+++ Input material +++

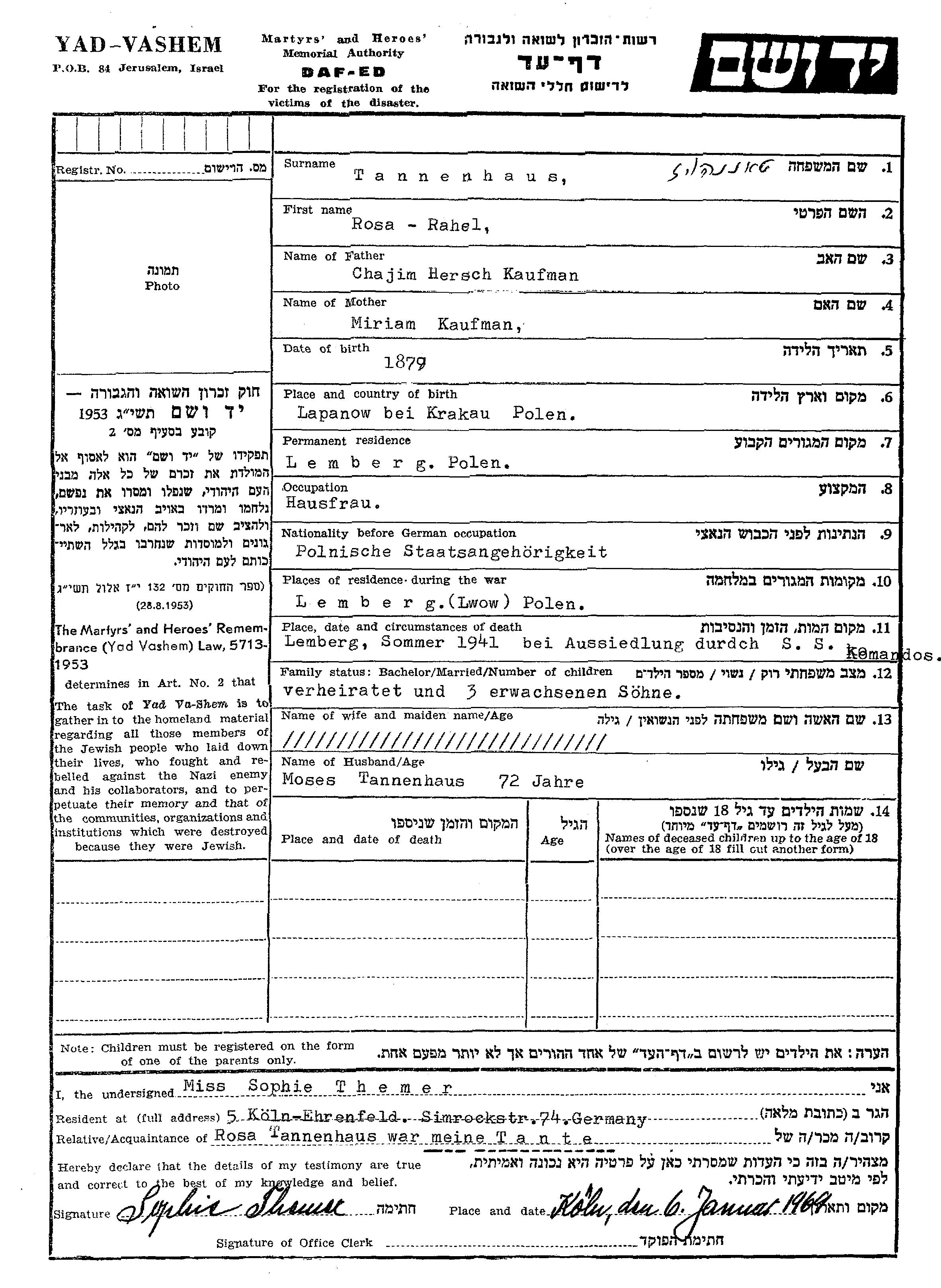 Rosa Rahel Tannenhaus nee Kaufman was born in Lapanow, Poland, 1879 to Chajim Hersch and Miriam. She was a housewife and married to Moses. Prior to WWII she lived in Lemberg, Poland. During the war she was in Lemberg, Poland. Rosa Rahel was murdered in the Shoah. Place of death: Lemberg, Poland, 07/1941.
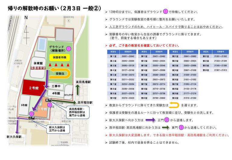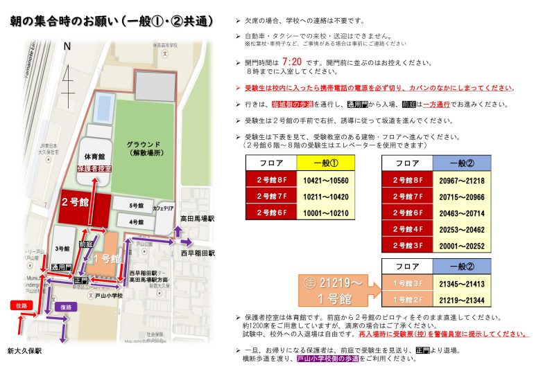 「朝の集合時のお願い」・「帰りの解散時お願い」(PDFファイル)をよく読み、受験フロア・教室をあらかじめご確認ください。
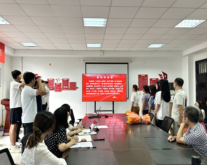 现场举行了新一批师徒结对仪式,周丽雅为指导教师颁发聘书。青年教师向指导教师献上鲜花,缔结师徒情谊,通过“老带新、传帮带”,为青年教师快速成长搭建坚实平台。近三年入校教师庄严宣誓,“我志愿成为一名人民教师,忠诚党的教育事业,遵守教育法律法规……”领誓人陆丽华老师带领全体新教师举起右拳,庄严宣誓,勉励全体教师不忘初心、牢记使命。
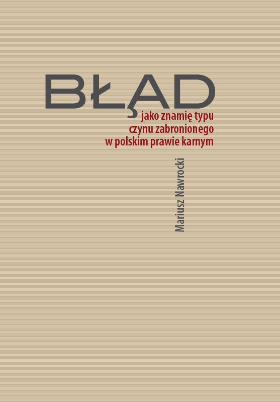 W książce przeanalizowano konstrukcję błędu jako ustawowego znamienia typu czynu zabronionego w polskim prawie karnym. Analiza ta została przeprowadzona z perspektywy pozostającej na uboczu dotychczasowych rozważańo błędzie. Należy mieć bowiem na uwadze, że przez dziesięciolecia błąd interesował przedstawicieli doktryny polskiego prawa karnego głównie z uwagi na próbęokreślenia jego istoty oraz ustalenia wypełnianych przez błąd funkcji, zwłaszczana polu wyłączenia odpowiedzialności karnej z uwagi na niemożność przypisania winy, a w ostatnim czasie również z uwagi na ograniczenia strony podmiotowej czynu zabronionego. Ponieważ celem pracy jest analiza błędu jako ustawowego znamienia typu czynu zabronionego3, to z przyczyn oczywistych występują w niej liczne odwołania do regulacji części szczególnej kodeksu karnego. Ukazuje to zarazem istotną różnicę między przedmiotem badań, których efektem jest niniejsze opracowanie, a dotychczasowym podejściem do analizy konstrukcji błędu w prawie karnym, gdzie na pierwszym planie były rozważania związane z przepisami części ogólnej kodeksu karnego.
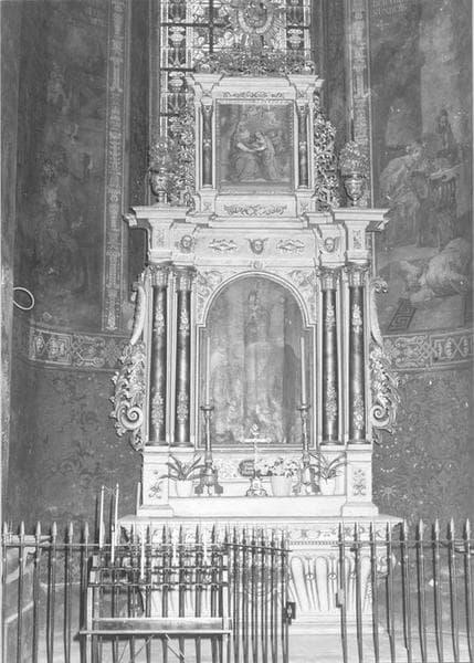 POP | Plateforme ouverte du patrimoineautel retable des âmes du purgatoire, 2 tableaux : Vierge à l'enfant tenant le scapulaire entre saint Odilon et saint Simon Stock, Education de la Vierge
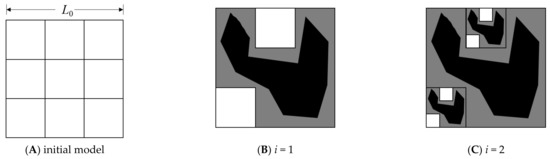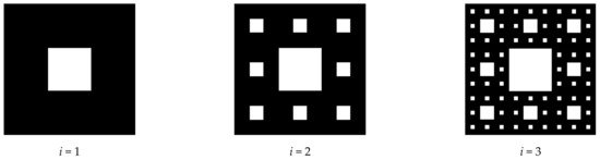 The 2D solid mass fractal model is shown in Figure 3, which can be used to simulate the distribution of uniform pore at different scales. The black part is the iteration region. At a certain iterative scale, solid and pore sizes gradually decrease with the increase in iterations. Finally, the iteration region disappears.
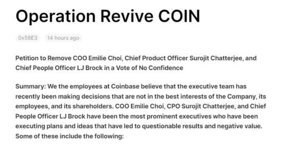 해당 글은 코인베이스의 주요 임원(C레벨) 세 명의 이름을 열거하며 이들이 회사에 도움이 되지 않는 행동을 했다며 사임을 요구했다. 일종의 연판장을 돌린 것.
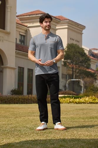 Lexiart Mens Casual Short Sleeve Henley Shirts Button Tee Shirts Basic Classic Shirt with Pocket 5
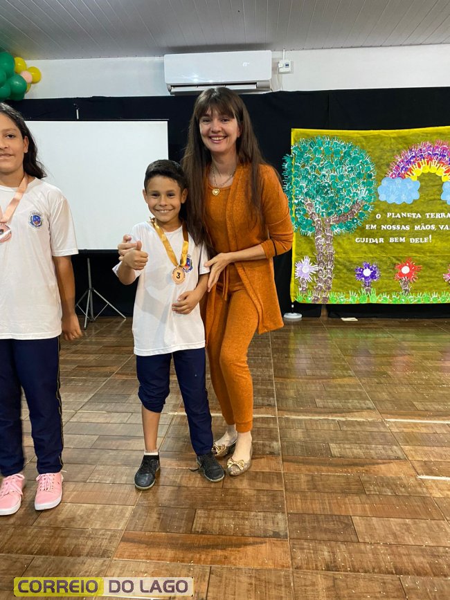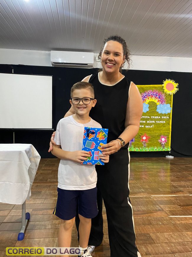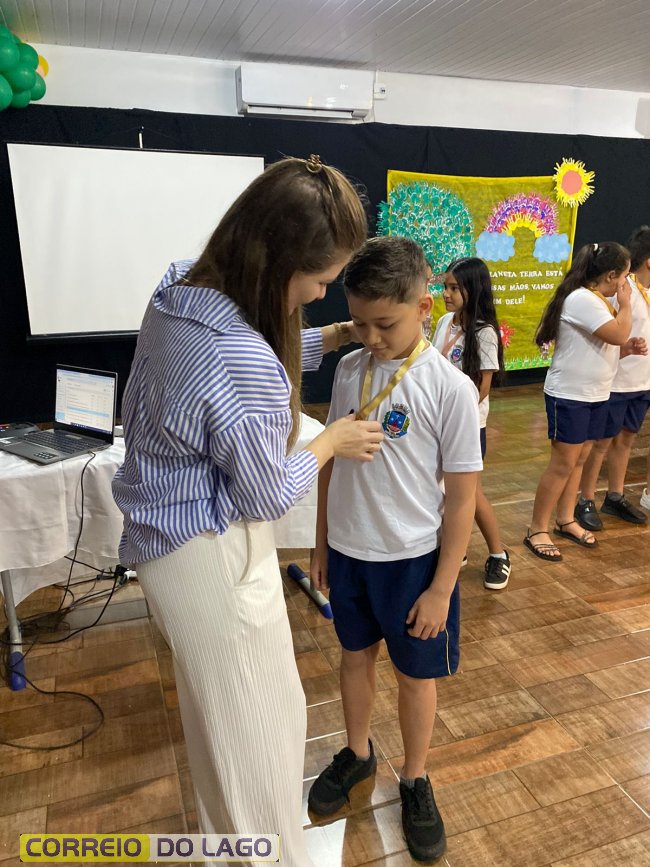 O evento também foi marcado por momentos de reconhecimento escolar. Os alunos do 2º ao 5º ano que participam do projeto “Bom da Tabuada” foram premiados com medalhas de ouro, prata, bronze e cobre, conforme o desempenho:
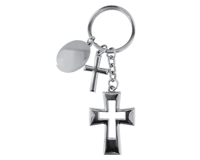 Descripción: Llavero con 2 cruces y placa de aleación de zinc y arillo reforzado. Presentación: Caja individual de cartón en color negro.
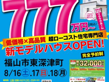 【福山市東深津町】新モデルハウスオープン!(8/16~18)
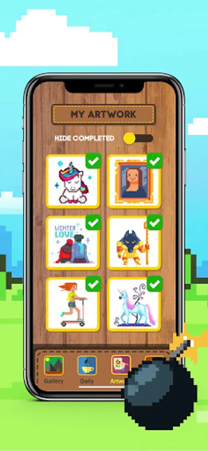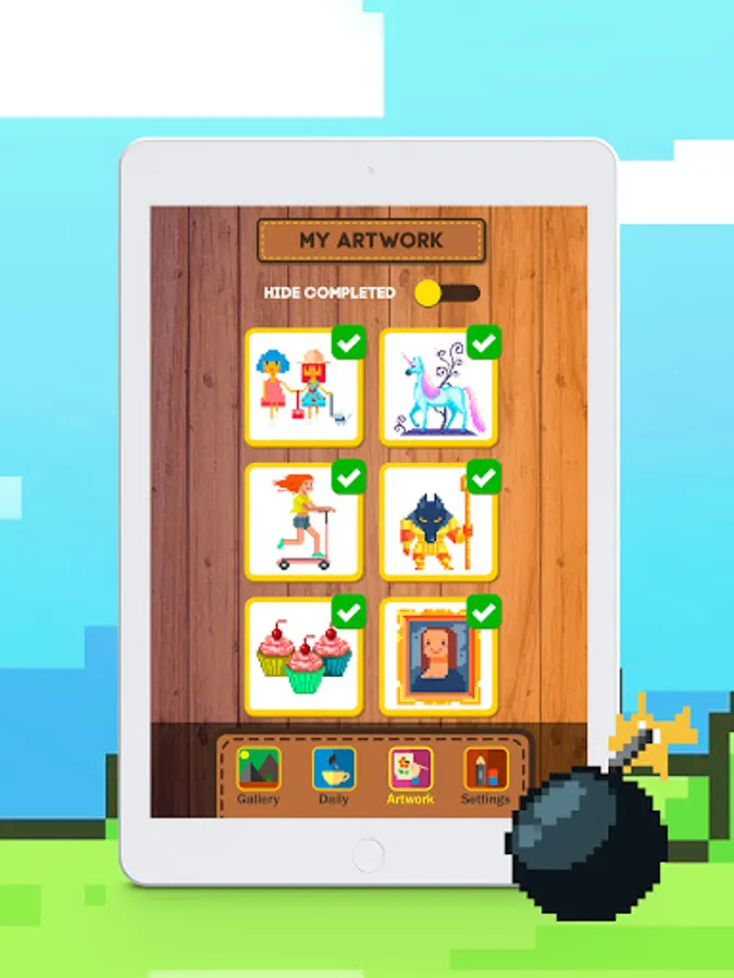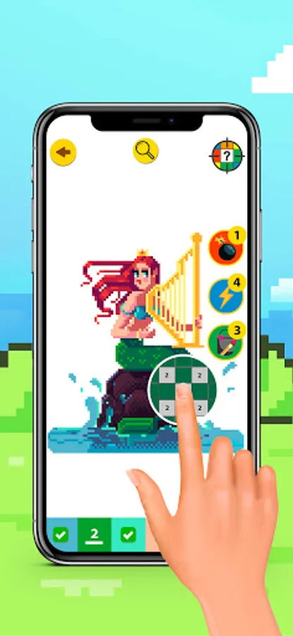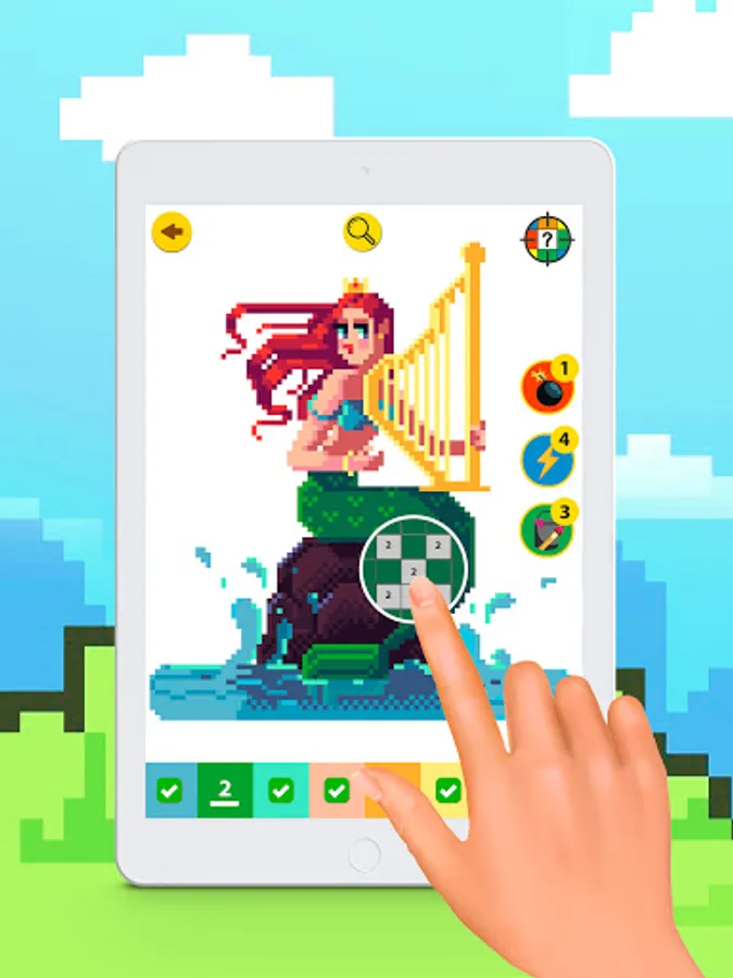 To make the process of painting by numbers more interesting, we added boosters to the coloring book. The lightning will paint over random cells in the field of view with the desired color. The bomb will paint over the area around the point you specified with the desired color. The watering can will paint over all the neighboring cells of the coloring book with one color.
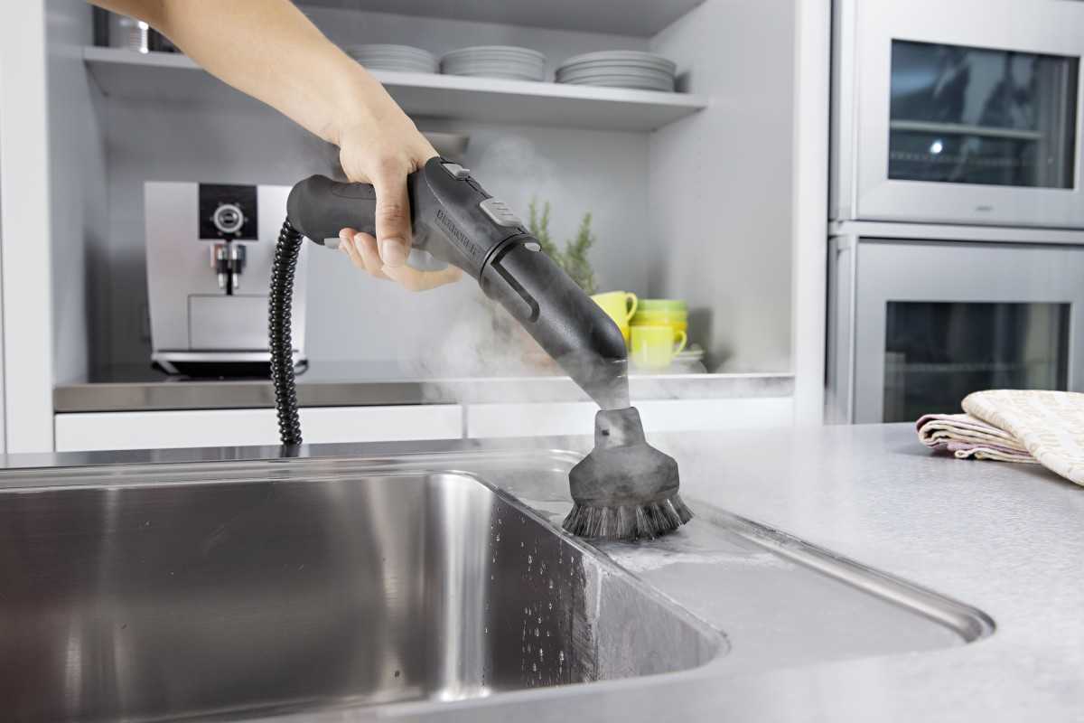 Мыть кухню необходимо по тому же принципу, что и ванную комнату. Никаких принципиальных отличий при чистке накипи и жира нет. Помимо всего прочего, пароочиститель также применяется и для обработки кухонной мебели. Им можно обрабатывать любой твердый материал, будь то керамика, кафель, стекло и т.д.

+++

■ Your objective:
Only an exact, picture-free copy of the entries counts as the answer.

■ Response below:
 Rosa Rahel Tannenhaus nee Kaufman was born in Lapanow, Poland, 1879 to Chajim Hersch and Miriam. She was a housewife and married to Moses. Prior to WWII she lived in Lemberg, Poland. During the war she was in Lemberg, Poland. Rosa Rahel was murdered in the Shoah. Place of death: Lemberg, Poland, 07/1941.
 「朝の集合時のお願い」・「帰りの解散時お願い」(PDFファイル)をよく読み、受験フロア・教室をあらかじめご確認ください。
 现场举行了新一批师徒结对仪式,周丽雅为指导教师颁发聘书。青年教师向指导教师献上鲜花,缔结师徒情谊,通过“老带新、传帮带”,为青年教师快速成长搭建坚实平台。近三年入校教师庄严宣誓,“我志愿成为一名人民教师,忠诚党的教育事业,遵守教育法律法规……”领誓人陆丽华老师带领全体新教师举起右拳,庄严宣誓,勉励全体教师不忘初心、牢记使命。
 W książce przeanalizowano konstrukcję błędu jako ustawowego znamienia typu czynu zabronionego w polskim prawie karnym. Analiza ta została przeprowadzona z perspektywy pozostającej na uboczu dotychczasowych rozważańo błędzie. Należy mieć bowiem na uwadze, że przez dziesięciolecia błąd interesował przedstawicieli doktryny polskiego prawa karnego głównie z uwagi na próbęokreślenia jego istoty oraz ustalenia wypełnianych przez błąd funkcji, zwłaszczana polu wyłączenia odpowiedzialności karnej z uwagi na niemożność przypisania winy, a w ostatnim czasie również z uwagi na ograniczenia strony podmiotowej czynu zabronionego. Ponieważ celem pracy jest analiza błędu jako ustawowego znamienia typu czynu zabronionego3, to z przyczyn oczywistych występują w niej liczne odwołania do regulacji części szczególnej kodeksu karnego. Ukazuje to zarazem istotną różnicę między przedmiotem badań, których efektem jest niniejsze opracowanie, a dotychczasowym podejściem do analizy konstrukcji błędu w prawie karnym, gdzie na pierwszym planie były rozważania związane z przepisami części ogólnej kodeksu karnego.
 POP | Plateforme ouverte du patrimoineautel retable des âmes du purgatoire, 2 tableaux : Vierge à l'enfant tenant le scapulaire entre saint Odilon et saint Simon Stock, Education de la Vierge
 The 2D solid mass fractal model is shown in Figure 3, which can be used to simulate the distribution of uniform pore at different scales. The black part is the iteration region. At a certain iterative scale, solid and pore sizes gradually decrease with the increase in iterations. Finally, the iteration region disappears.
 해당 글은 코인베이스의 주요 임원(C레벨) 세 명의 이름을 열거하며 이들이 회사에 도움이 되지 않는 행동을 했다며 사임을 요구했다. 일종의 연판장을 돌린 것.
 Lexiart Mens Casual Short Sleeve Henley Shirts Button Tee Shirts Basic Classic Shirt with Pocket 5
 O evento também foi marcado por momentos de reconhecimento escolar. Os alunos do 2º ao 5º ano que participam do projeto “Bom da Tabuada” foram premiados com medalhas de ouro, prata, bronze e cobre, conforme o desempenho:
 Descripción: Llavero con 2 cruces y placa de aleación de zinc y arillo reforzado. Presentación: Caja individual de cartón en color negro.
 【福山市東深津町】新モデルハウスオープン!(8/16~18)
 To make the process of painting by numbers more interesting, we added boosters to the coloring book. The lightning will paint over random cells in the field of view with the desired color. The bomb will paint over the area around the point you specified with the desired color. The watering can will paint over all the neighboring cells of the coloring book with one color.
 Мыть кухню необходимо по тому же принципу, что и ванную комнату. Никаких принципиальных отличий при чистке накипи и жира нет. Помимо всего прочего, пароочиститель также применяется и для обработки кухонной мебели. Им можно обрабатывать любой твердый материал, будь то керамика, кафель, стекло и т.д.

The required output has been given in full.